Chereads / The Enchanter (Black Pearl) / Chapter 9 - PENDUDUK ASLI JIGANSKI

Chapter 9 - PENDUDUK ASLI JIGANSKI

Ikan, kelelawar, atau hewan melata telah menjadi hidanganku selama sebulan ini. tubuhku yang rapuh ini terus di latih oleh Black Pearl agar dapat menampung seluruh kekuatan sihir yang akan kita kumpulkan dalam tubuhku ini.

Dalam jangka waktu yang singkat pelajaran yang di berikan oleh Black Pearl benar-benar mudah dipahami dan aku sudah mulai terbiasa dengan pengendalian jelaga sihir di sekitarku.

"Hera, apa kau tidak ingin melangkah maju untuk saat ini?"

Pertanyaan Black Pearl benar-benar menyadarkanku akan keadaanku yang semakin memburuk kian harinya. Tulang belikatku mulai terlihat jelas, cekungan pipi, dan rusukku pun sangat terlihat jelas.

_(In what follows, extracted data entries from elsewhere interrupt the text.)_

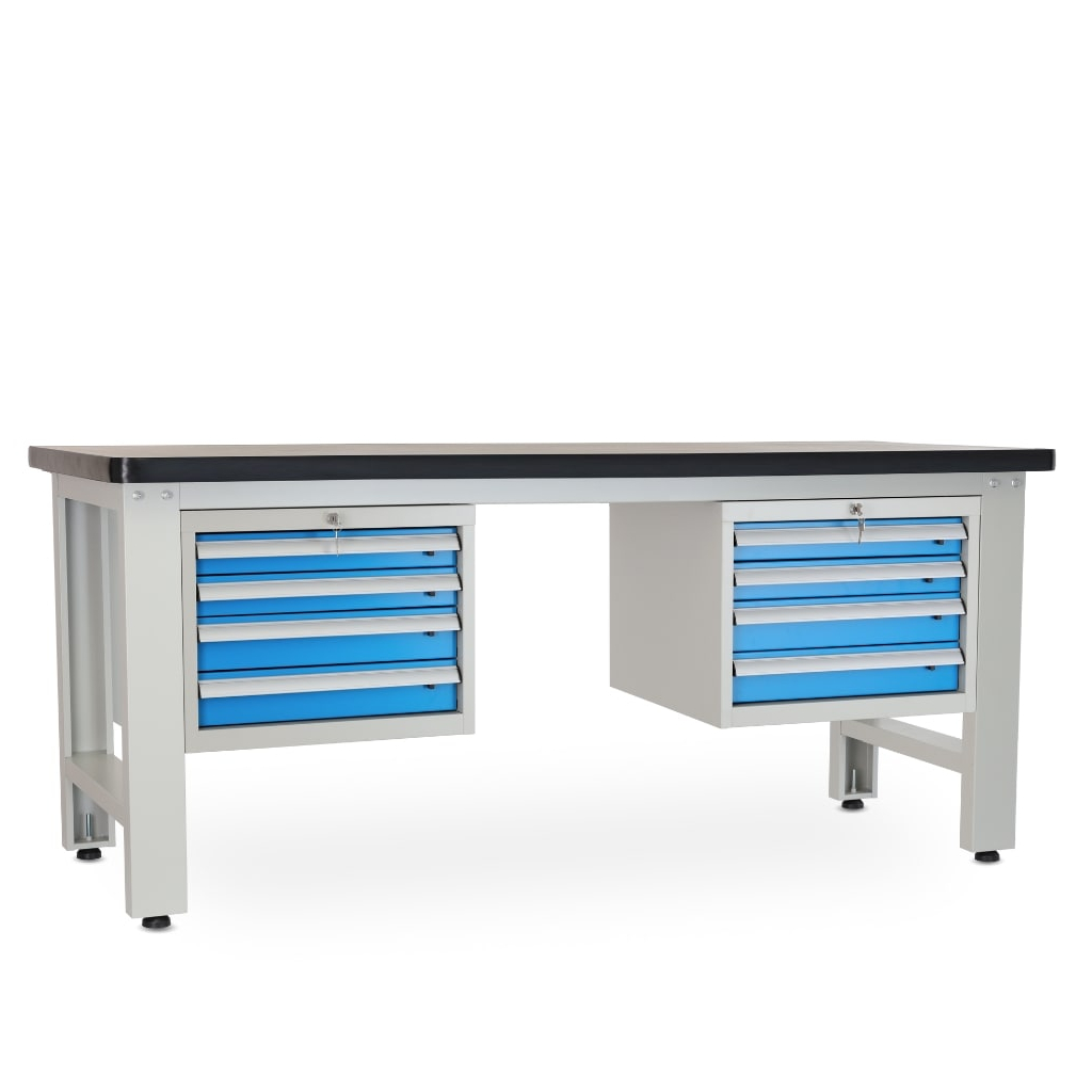 Stůl se chlubí úložnými moduly na obou stranách, kam si odložíte nářadí nebo součástky, které zrovna nepotřebujete na stole. Dvířka jsou lakovaná standardním odstínem RAL 5012, aby dokonale ladila i s dalším dílenským nábytkem.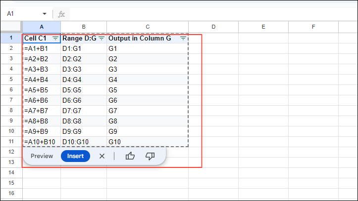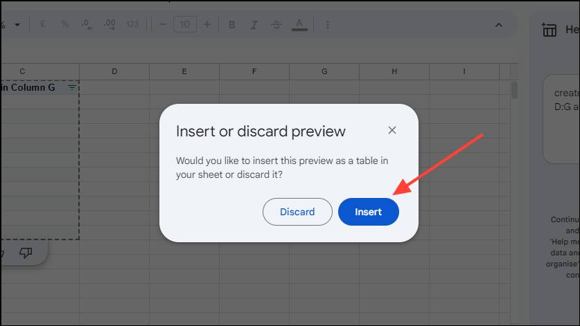 Step 4: When prompted after selecting a cell, click 'Insert' to add the formula to your spreadsheet.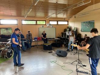 Die Band der mobilen Jugendarbeit steuert auf ihren ersten Auftritt zu! Samstag den 10.09 fand der finale Probetag in Bickendorf statt, um die regelmäßigen Probeabende im Haus der Jugend vor dem Auftritt am 18.09.22 auf dem Familienfest des Haus der Jugend Bitburg abzurunden. Der offene Musiktreff ist ein Kooperationsprojekt der mobilen Jugendarbeit der Stadt Bitburg, VG Speicher und Bitburgerland. Vertreten sind für unsere VG Robert Mathey am Bass, Raphael Hacken an der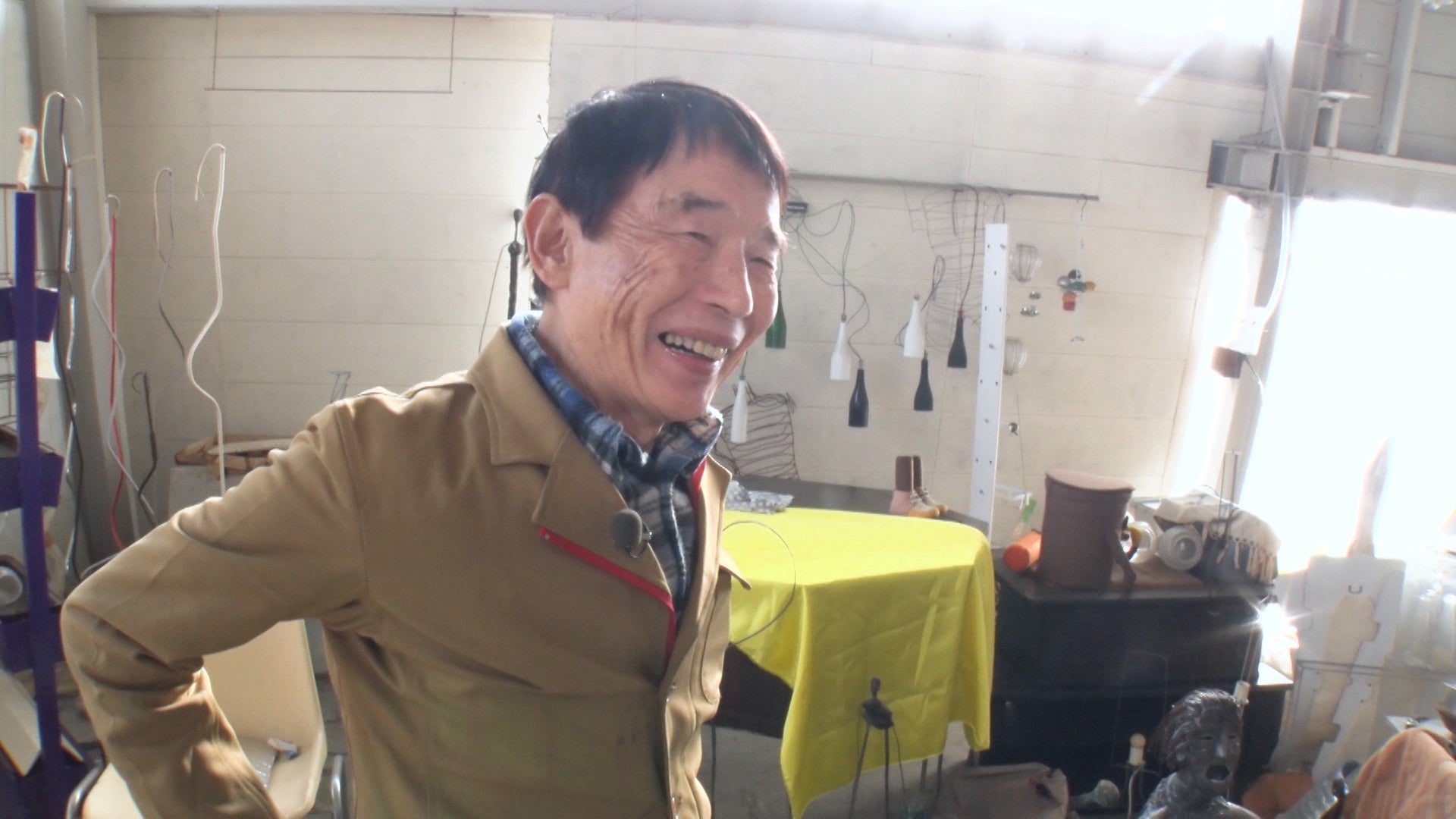 1階は「吉村金属工業」という工場。社長の吉村信太朗さんは、仕事のかたわらアート作品も制作している人物で……? なぜ建物をここまで斜めに建てたのか? その理由に迫ります。

"Aku tidak akan memaksamu untuk melakukan semua ini tapi ...."

"Black Pearl, aku tahu." Hanya itu jawabanku padanya agar membuatnya diam untuk sesaat.

Setiap malam aku pergi ke hilir sungai dan mulai menyandarkan punggungku pada bantaran sungai sembari melenggakkan kepala melihat birunya malam yang di sinari rembulan.

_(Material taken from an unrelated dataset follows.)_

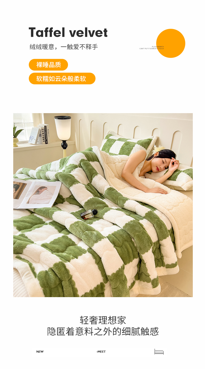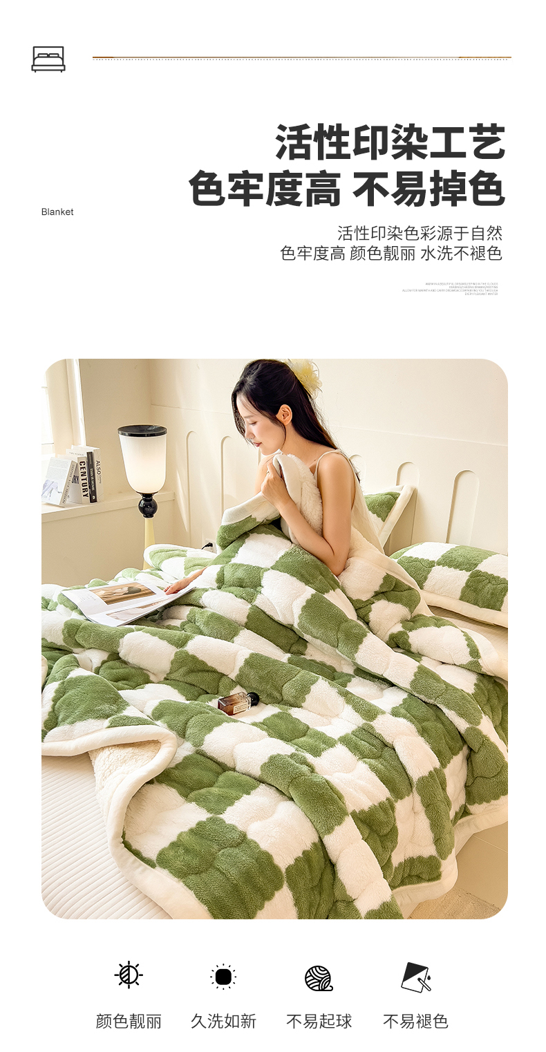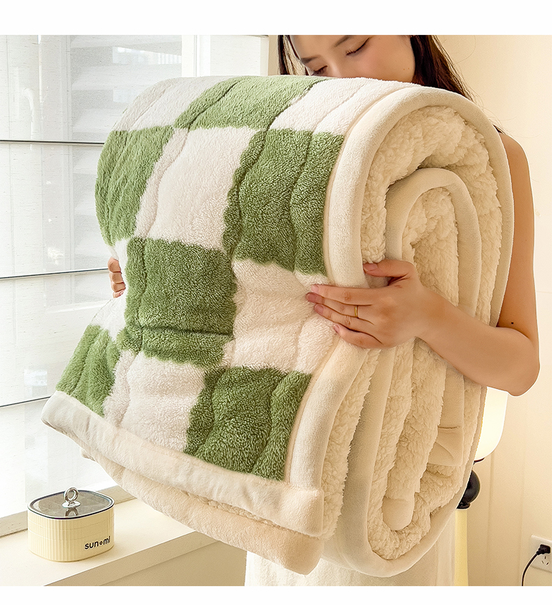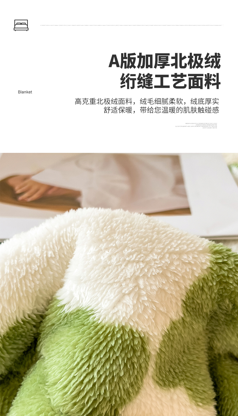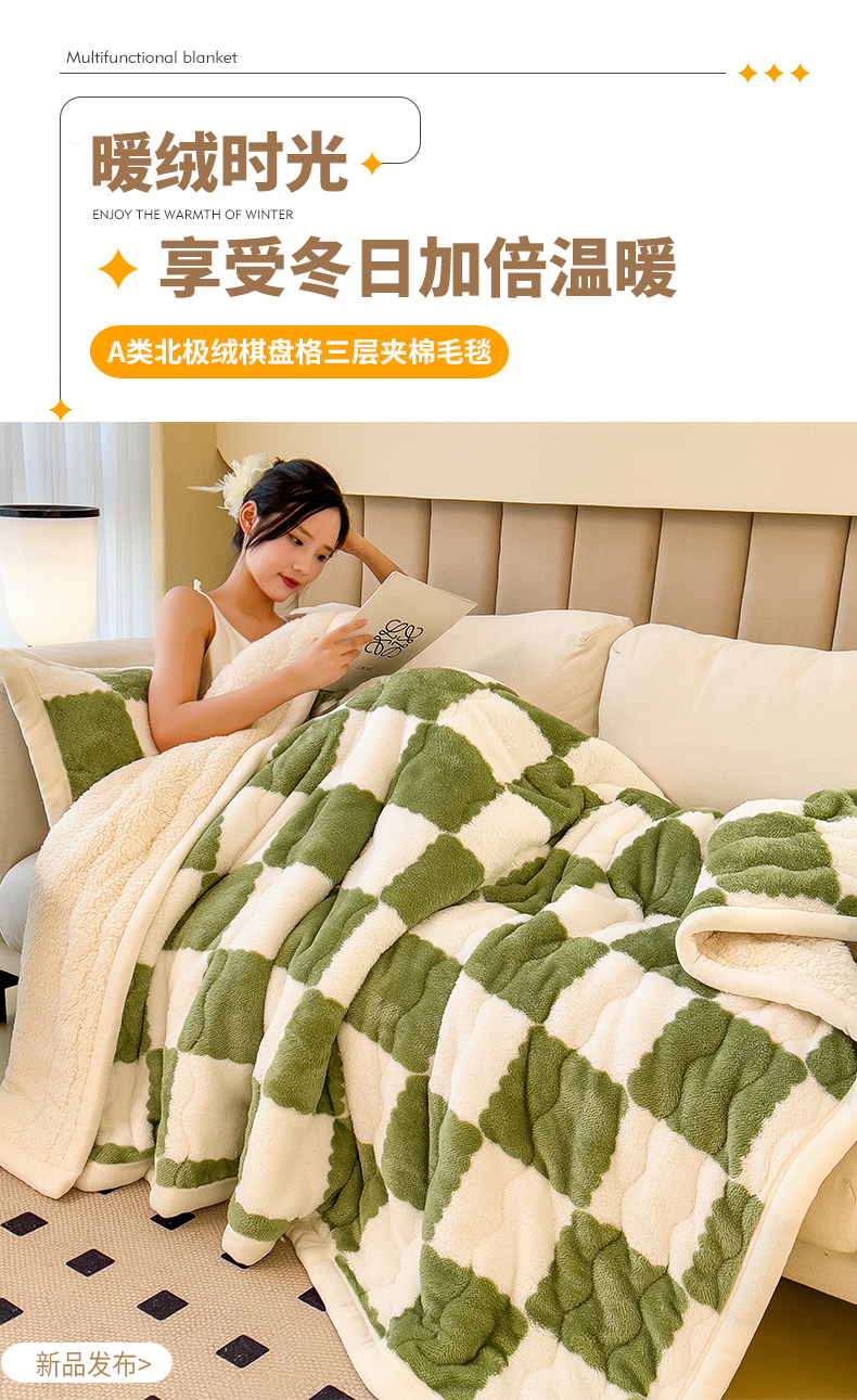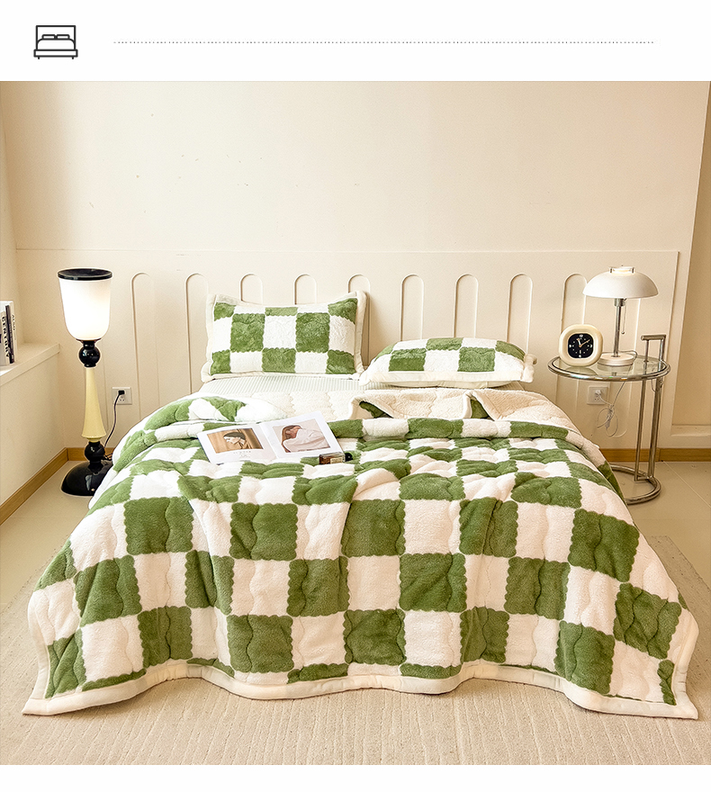 当前位置: 91家纺网 > 商品网购 > 毛毯休闲毯绒毯 > 毛毯 > 慕木家纺 2025秋冬新款A类北极绒棋盘格双面毛毯 棋盘格三层夹棉毛毯-抹茶绿+白

"Apa yang harus aku lakukan?" Aku membatin.

Pendaran cahaya rembulan menyinari wajah buruk rupaku. "Haaah~!" Aku hanya dapat menghela napas melihat jalan hidupku saat ini.

Tiba waktu untuk tidur di lumbung lusuh yang telah menjadi rumah baruku. Dinginnya malam membuatku tak dapat tidur dengan tenang, desiran angin kian menguat.

Dalam lelap aku bermimpi tentang Nenek.

"Nenek? Apa itu kau?" tanyaku sembari mengejar bayangan tersebut.

Kepaian tanganku tak mampu menjangkau dirinya seakan terdapat penghalang antara aku dan dirinya.

Nenek melihatku dan berkata, "Pergilah ke arah barat hingga kau menemukan reruntuhan istana dan carilah benda itu."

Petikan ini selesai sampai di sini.